The distance between the points A and B is sqrt(4^2 + 3^2) = 5.

The area or the triangle is given as 5.

Area = (1/2)*base*height

=> 5 = (1/2)*5*height

=> height = 2

So the distance of the point (m, n) from the line 4x + 3y -12 = 0 is 2.

=> | 4*m + 3*(-m) - 12|/ sqrt ( 3^2 + 4^2) = 2

=> (m - 12)/5 = 2

=> m - 12 = 10

=> m = 22

n = -m = -22

**Therefore the point C is (22, -22).**

We'll determine the area of the triangle ABC , calculating the determinant formed from the coordinates of the given points.
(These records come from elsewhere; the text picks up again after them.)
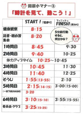 岡原小学校はノーチャイムです。子ども達は時計を見て行動します!
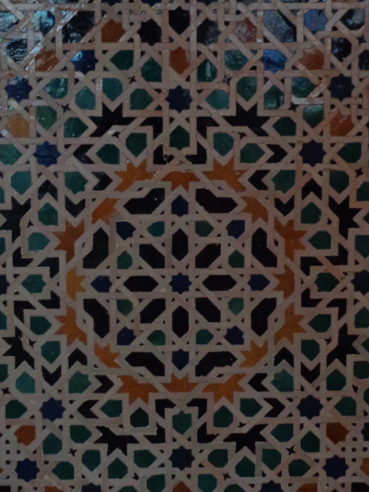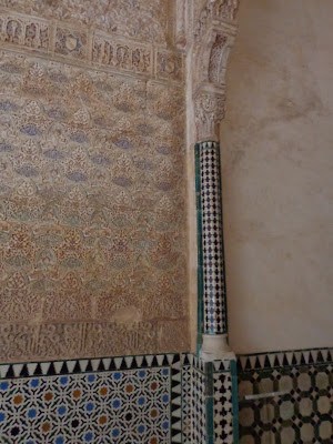 | En los estucos, al igual que en los zócalos alicatados se aprecia la repetición e importancia de los motivos geométricos |
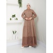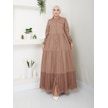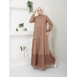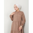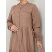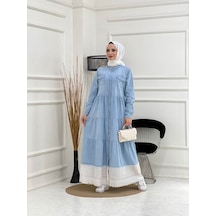 Dantelli Doğal Kumaşlı Boydan Düğmeli Kot Elbise Vizon
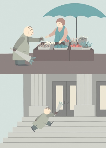 For the mini kuš! we usually invite artists with whom we have collaborated in the anthologies. Sometmes there are artists we havewanted to invite for a long time, but they didn’t fit in any anthology, so we invite them for a mini. When considering whom to invite, we apply the same principles as for the anthologies and look for artists with a distinctive style and interesting stories.
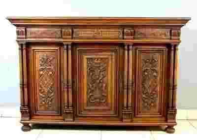 Mebel zamykany jest trzydrzwiowo, fronty drzwi posiadają wspaniałe rzeźbione girlandy i motywy renesansowe.Górny szeroki profilowany gzyms ozdobiono bogatymi ornamentami. Każde z drzwi przedzielono parą uroczychkolumien.
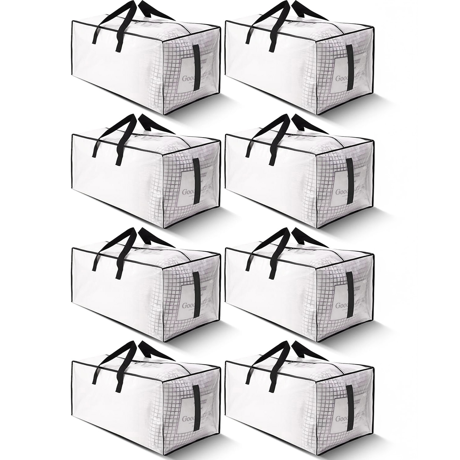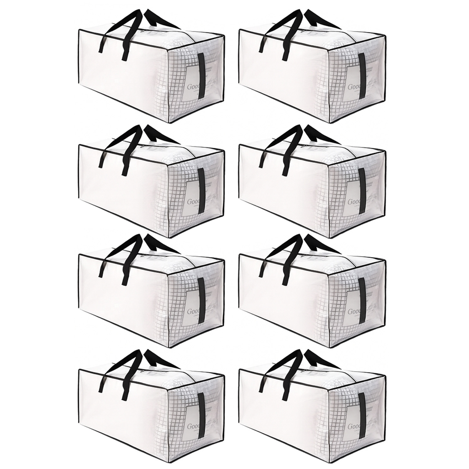 Set 8 genti mari de depozitare Elindor®, realizate din polipropilena rezistenta 180 GSM, cu fermoar ranforsat si manere late. Pliabile, impermeabile si incapatoare (86 L fiecare), ideale pentru haine, lenjerii, jucarii sau mutari. Design semi-transparent pentru identificarea rapida a continutului.
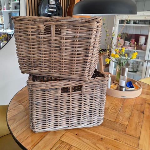 Opbevaringskurve i brun kubu i materialet rattan med læderhåndtag. Sæt af 3 stk.

The coordinates of C are : C(a,b)

| 0 4 1 |

A = (1/2)*| 3 0 1 |

| a b 1 |

We'll compute the determinant:

A = (1/2)*(0*0*1 + 3*b*1 + 4*1*a - a*0*1 - b*1*0 - 3*4*1)

A = (1/2)*(3b + 4a - 12)

But , from enunciation, the area of triangle ABC is: A = 5 square units.

5 = (1/2)*(3b + 4a - 12)

3b + 4a - 12 = 10

We'll add 12 both sides:

4a + 3b = 22 (1)

We know, from enunciation, that C is located on the line x + y = 0.

a + b = 0 (2)

We'll subtract 3*(2) from (1):

4a + 3b - 3a - 3b = 22

We'll combine and eliminate like terms:

a = 22

From (2), a = -b

b = -22

**The coordinates of the point C are: C(22 , -22).**

Note: The line x + y = 0 represent the bisectrix of the 2nd and 4th quadrants.